The ability to talk to patients, and not be rushed getting to know them, is another aspect that makes being a hospice nurse so special.

“When you’re in a hospital setting, you obviously are talking to patients, but it always kind of feels rushed. You’ve got a lot of things where you’re juggling, and you’re running back and forth,” Kolby said. “And in hospice, you get to sit down with these patients and really get to know them, get to talk to them, get to see what they want, what they need, what their goals are.”

Joshua LaFave is now a Home Care RN Case Manager after having worked in the Care Center for a year.

Getting to know the patients’ families quite well, and having conversations about death and dying, isn’t always easy, but it is an important part of the job.

Josh said getting the patients and families to be comfortable about death, and to a place of acceptance, is something he prides himself on in his care.

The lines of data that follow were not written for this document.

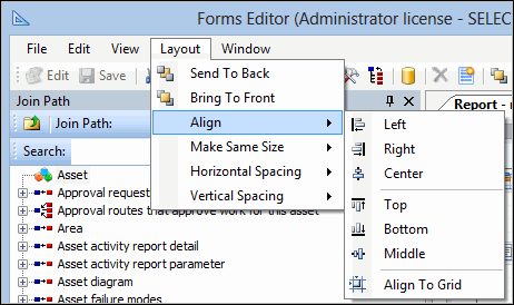 20. Find the relationship in the Toolbox panel, Relationships tab (for example, “Applicable Warranty”) and drag it onto the view. The type of control that appears on the view will depend on the type of relationship that you selected. For example, if it is a references one relationship, it will appear on the view as a label and a Browse button.Tip: To quickly arrange fields and/or labels in a window, you can use the Layout Options menu items. Select two or more items in the window and then select a layout option from the menu.Click the Browse button. The properties for the reference are detailed in the Properties panel. Expand the Data section.
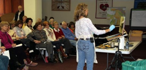 The Longwood Plein Air event was only one of fifteen different art shows that DVAL organized last year. It is not easy to maintain a membership roster, offer a variety of art show and art workshop opportunities, manage publicity, prizes, newsletters and run monthly meetings and demonstrations. How do they do it? I went to my first meeting to discover the secret of their success.
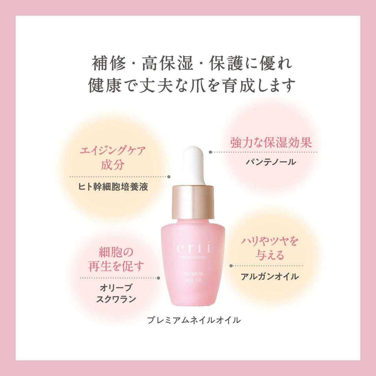 美しいお肌の条件とも言える《ハリ》《ツヤ》《弾力》のあるお肌に導く、 ハンドケアの最高峰を目指したハンドケアアイテム《erii》のプレミアムネイルオイルです。
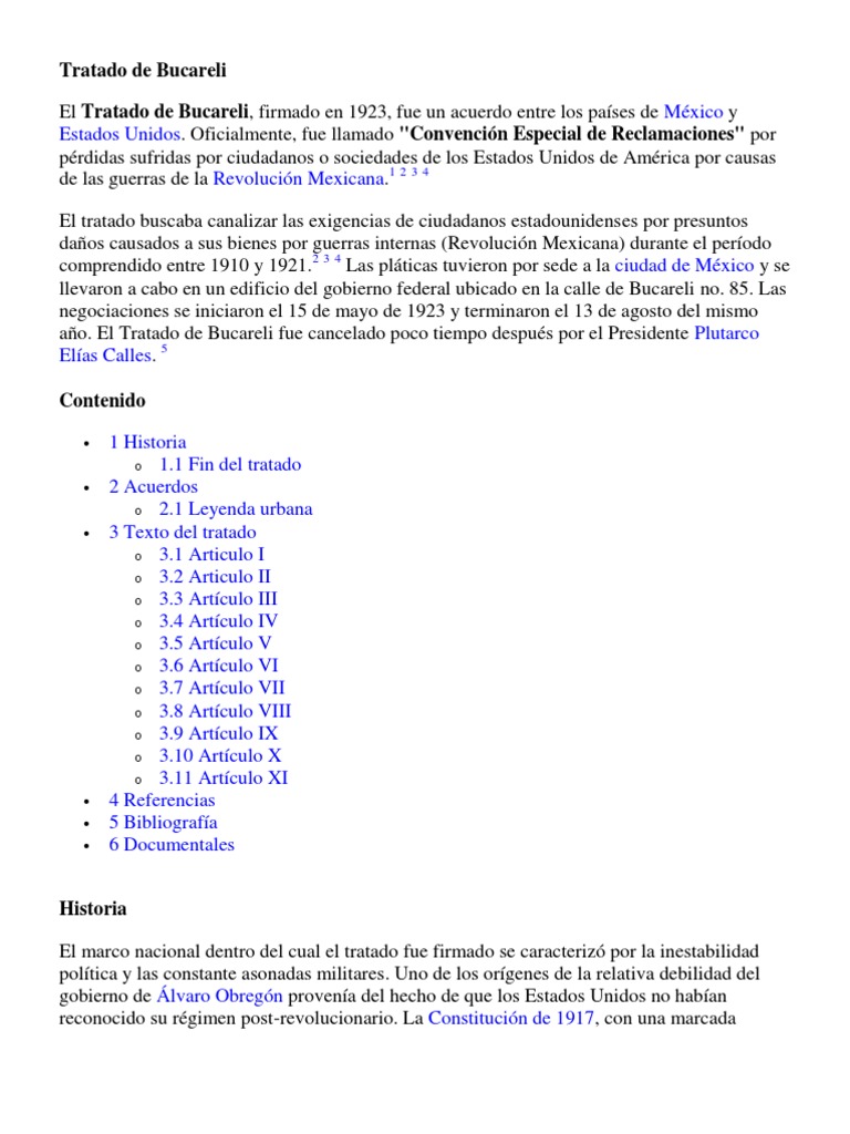 The Bucareli Treaty (Spanish: Tratado de Bucareli), officially the Convención Especial de Reclamaciones (Special Convention of Claims), was an agreement signed on August 13, 1923 between México and United States.It settled losses by US companies during the Mexican Revolution. It also dealt with the illegality of potential expropriating American landholding and subsoils for the sake of.

“If I can get the family and the patient both to be like, yeah, we’re ready, we’re not afraid, we’re together, my symptoms are managed — when that’s achieved, that’s probably my favorite part of doing this job,” he said.

Hospice nurses are able to help patients and their families find beauty at the end of life, which is rewarding for everyone, staff included.

“I think, to be able to help them through something as difficult as passing away, there’s almost nothing more rewarding than that,” Talar said. “I think it just gives me a sense that I am truly living my life purpose to be able to help people do something so difficult.”